Another important dimension is that Jordan Peterson, as a personal and public figure, escapes easy characterization. If he were only an academic, it would be natural for him to continue to teach, research, and write. But he is not just that. If Jordan Peterson were just a full-time clinical psychologist, he would be spending his time working with his clients and patients. If he were only a public speaker, he would be speaking and giving lectures day in and day out. But he is all of those things at once, so it’s little wonder it would prove exhausting to wear so many hats.
Perhaps it is time to take Jordan Peterson as he is. He is not a cult leader and is not in charge of what his supporters and followers say or do. He is not a prophet, asking his flock to do what he prescribes. He thinks, and he explains. He examines, and he makes excellent practical points. But most important of all, he makes mistakes, which to me, is the most valuable quality in Jordan Peterson. He is a public figure who lives, thinks, and practices life, like the rest of us do—sometimes wrong and sometimes right. And this is his true appeal; he is not a celebrity with a carefully managed image constantly updated and modified by some public relations firm. He is open and honest about all of his achievements and shortcomings. Look no further than his remarkable openness about his struggles with depression.

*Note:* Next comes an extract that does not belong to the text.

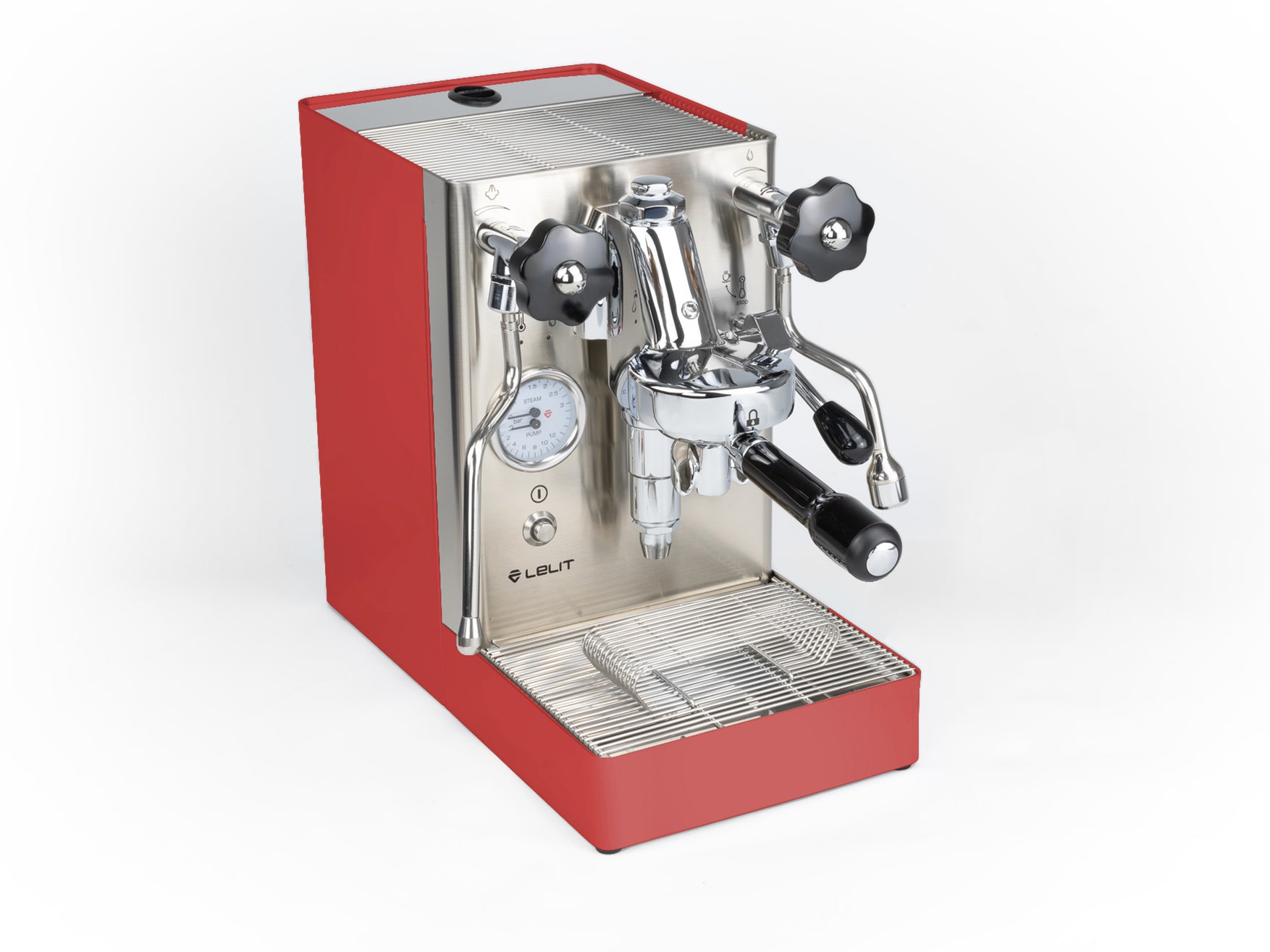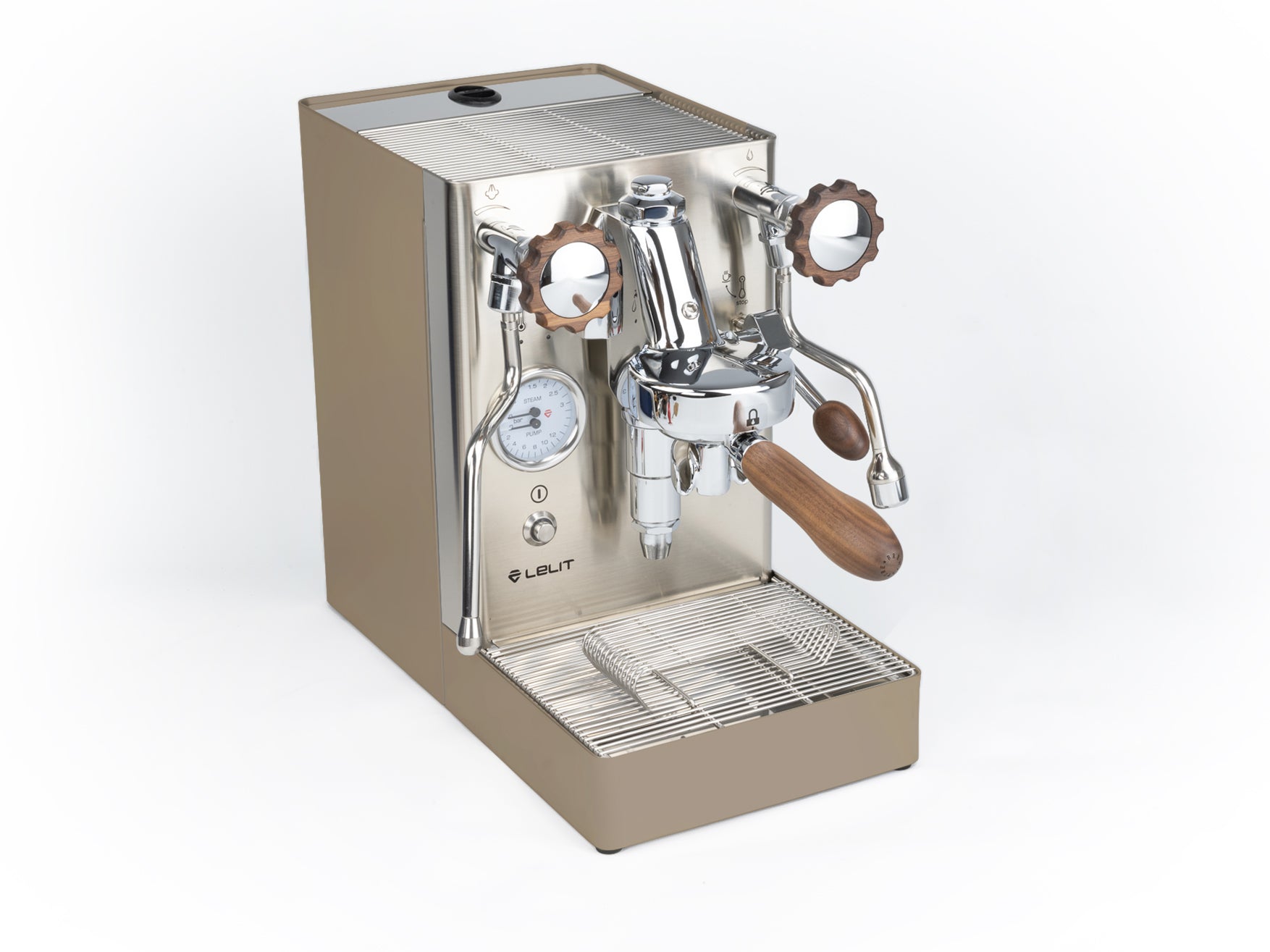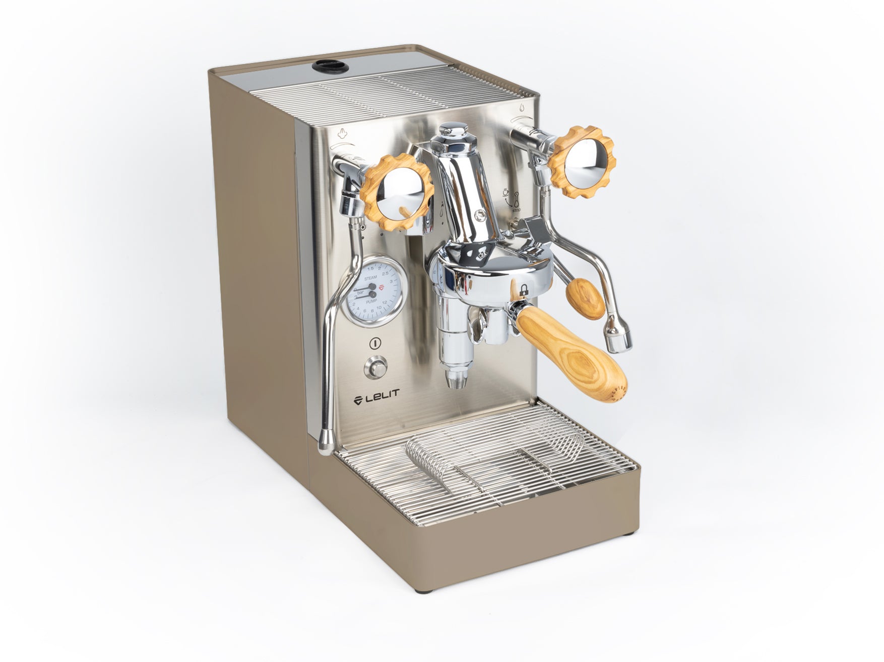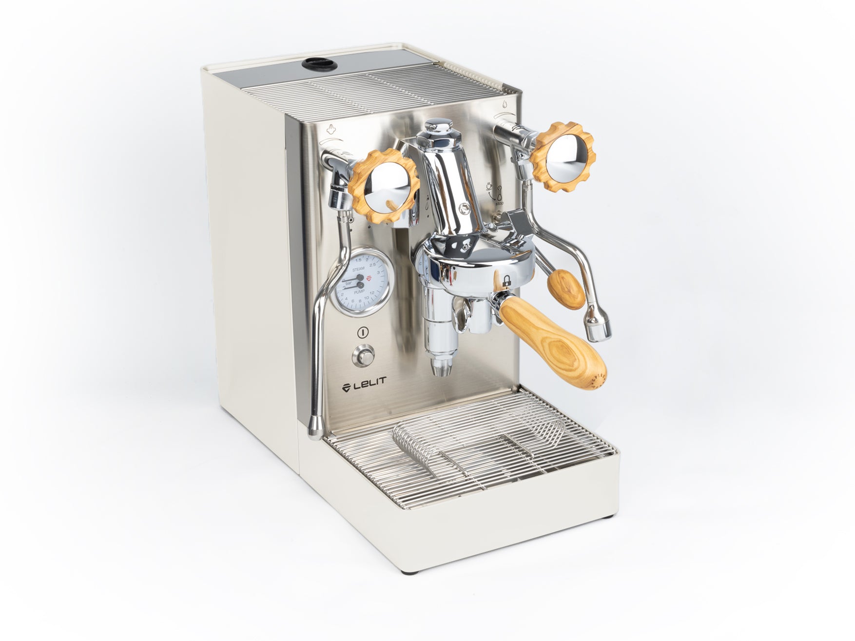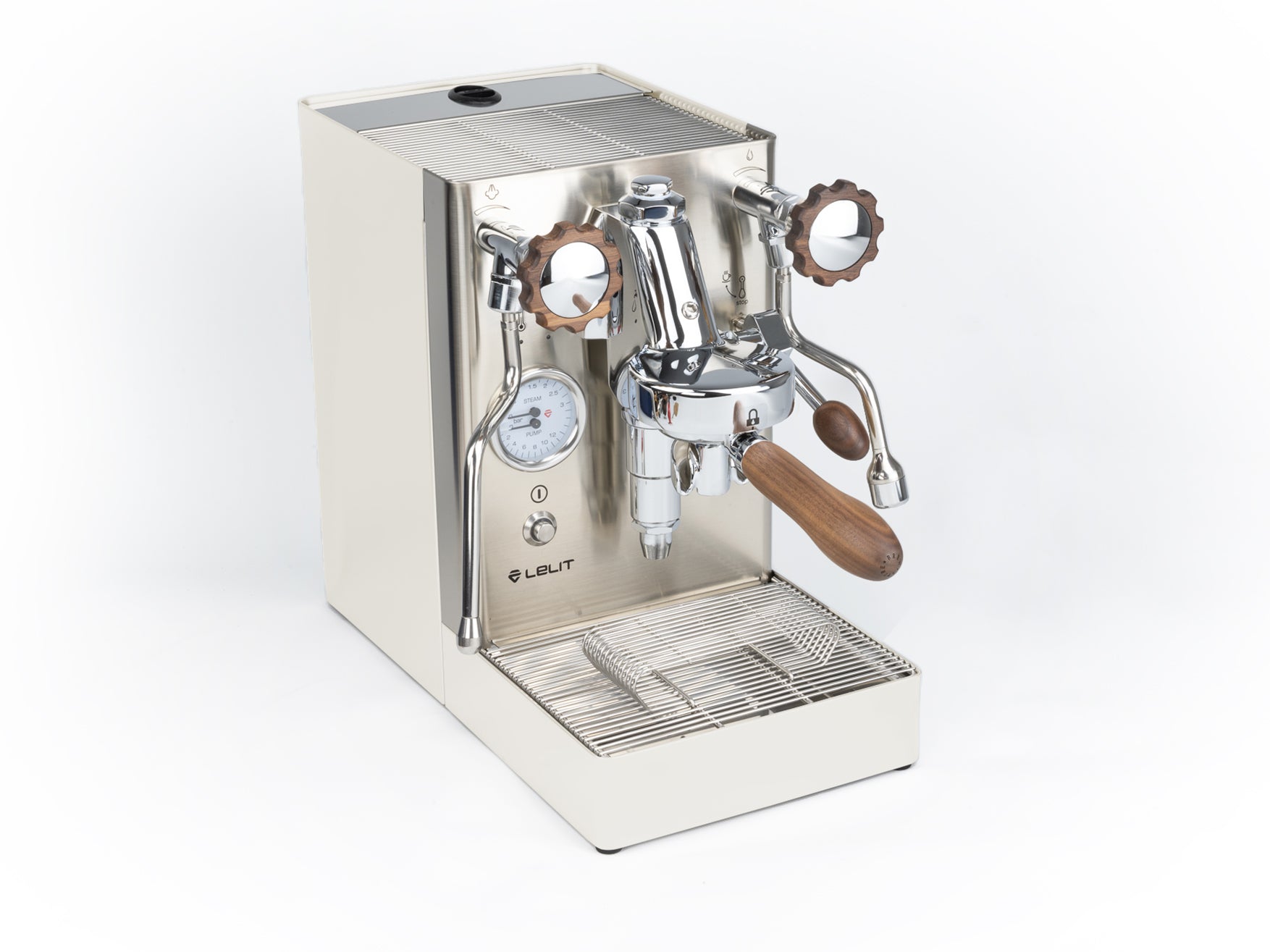 Das Gehäuse aus satiniertem Edelstahl hebt die verchromten Elemente hervor und verleiht der Maschine einen eleganten Look. Einzigartig ist der originale Siebträger von Lelit, dessen Ausläufe den Espresso nicht seitlich, sondern direkt von vorne in die Tasse leiten.

Jordan Peterson’s most essential lesson, after all, is personal responsibility. So for all of those who continue to maintain that Jordan Peterson is problematic because of something one of his followers somewhere did, keep in mind that—above all else—Jordan Peterson is a proponent of individuals taking responsibility for their own lives. And, a corollary of that is the expectation that it is they—rather than he—who is responsible for what they do or fail to do.
And besides, as we know all too well, there are a thousand possible interpretations of anything anyone says, and Jordan Peterson’s words might be interpreted in ways that he might never even imagine. As thirteenth-century Persian poet Rumi famously wrote: “Each interprets my notes in harmony with his own feelings.”.
* I differentiate between “fans” and “supporters.” Supporters, in my view, have chosen to adopt many of Peterson’s positions after weighing his statements against a set of principles or values they hold and then deciding that there is considerable overlap. Fans, on the other hand, find themselves resonating with Peterson’s words at a purely emotional level.
Kambiz Tavana is an Iranian-American journalist and writer.